I am trying to understand the graph of $\int_0^1\int_{8y}^1dxdy$. Upon solving the double integral, I get $\int_0^1{1-8y}dy\Rightarrow-3.$ Which I believe is correct, but I'm mainly putting this work in case it matters for the graph or I did something wrong. But upon graphing the boundary equations, I get the following graph https://www.desmos.com/calculator/xofiu5ggqs.
This is what I don't understand. I have not seen this particular case. I'm not sure what happens when a horizontal bound "cuts off" (for lack of a better phrase), a vertical bound like this. So does this double integral solve for the red region or black region or something entirely different? Also, to my understanding, a double integral will only be negative if the region is below the x-axis as well so perhaps my work is incorrect as well. So there's a lot I don't understand about this graph.
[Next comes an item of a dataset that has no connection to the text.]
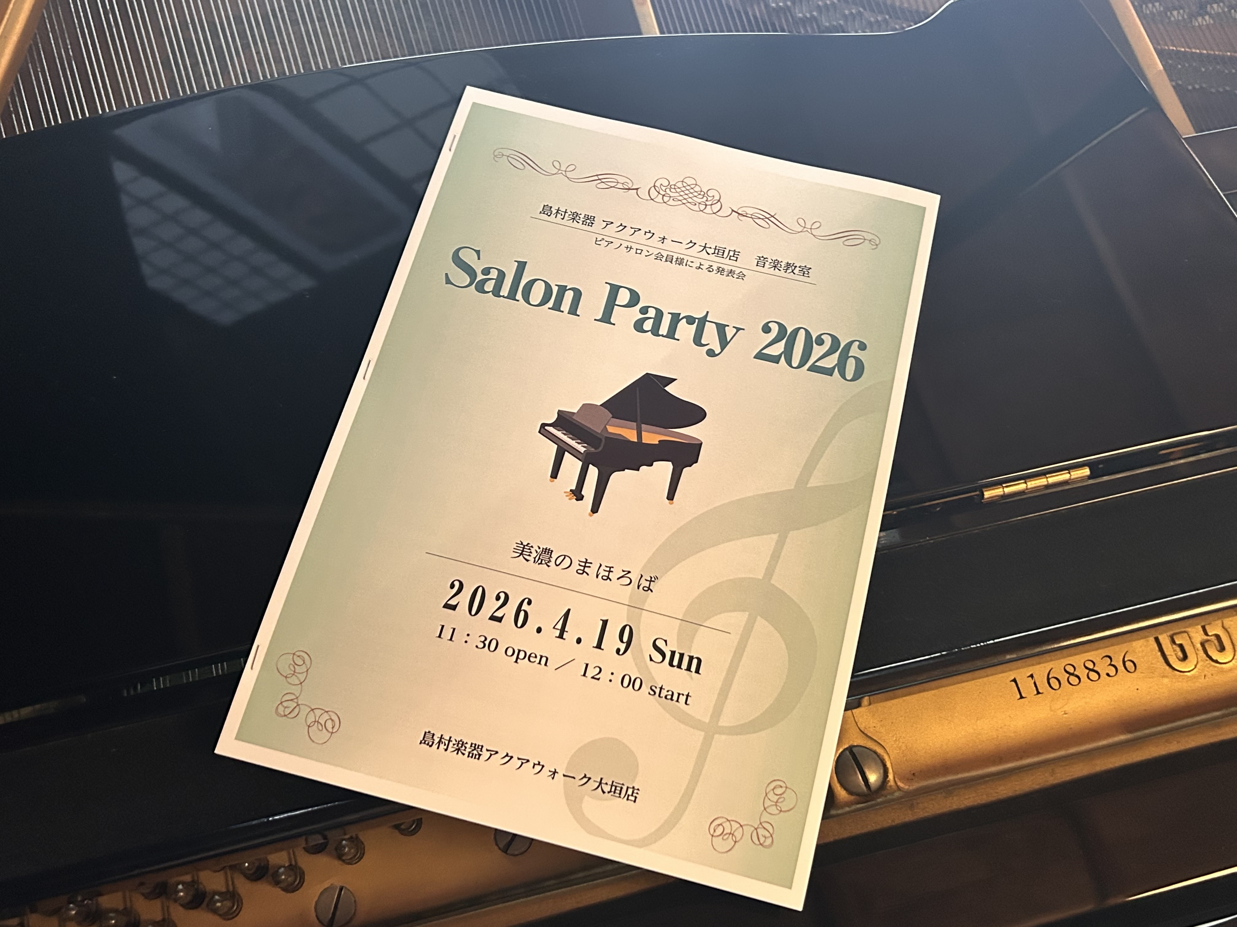 CONTENTSサロンパーティー2026《4月19日》イベントレポートピアノサロンとは?お問合せサロンパーティー2026《4月19日》 🎹今回も岐阜県本巣市にある『美濃のまほろば』さんで開催いたしました。お店の雰囲気もスタッフの皆様も本当に素敵で、心落ち着く穏やかな空間をご提供いただきました。 イベ […]

Edit: I saw some posts that were deleted by their poster that stated that the result of $-3$ comes from the difference of the triangle formed by the intersection of $x=8y, y=1$ and the red region. Is it proper for this to happen? In other words, is it not acceptable for a double integral to represent the area of two regions or is it simply a unique case?
Best Answer
As you can see from Desmos the boundary of your integral does not describe any valid region since it is doing the black triangle plus the negative of a triangle to the right of the red region. You'll have to ask your professor to correct the typo.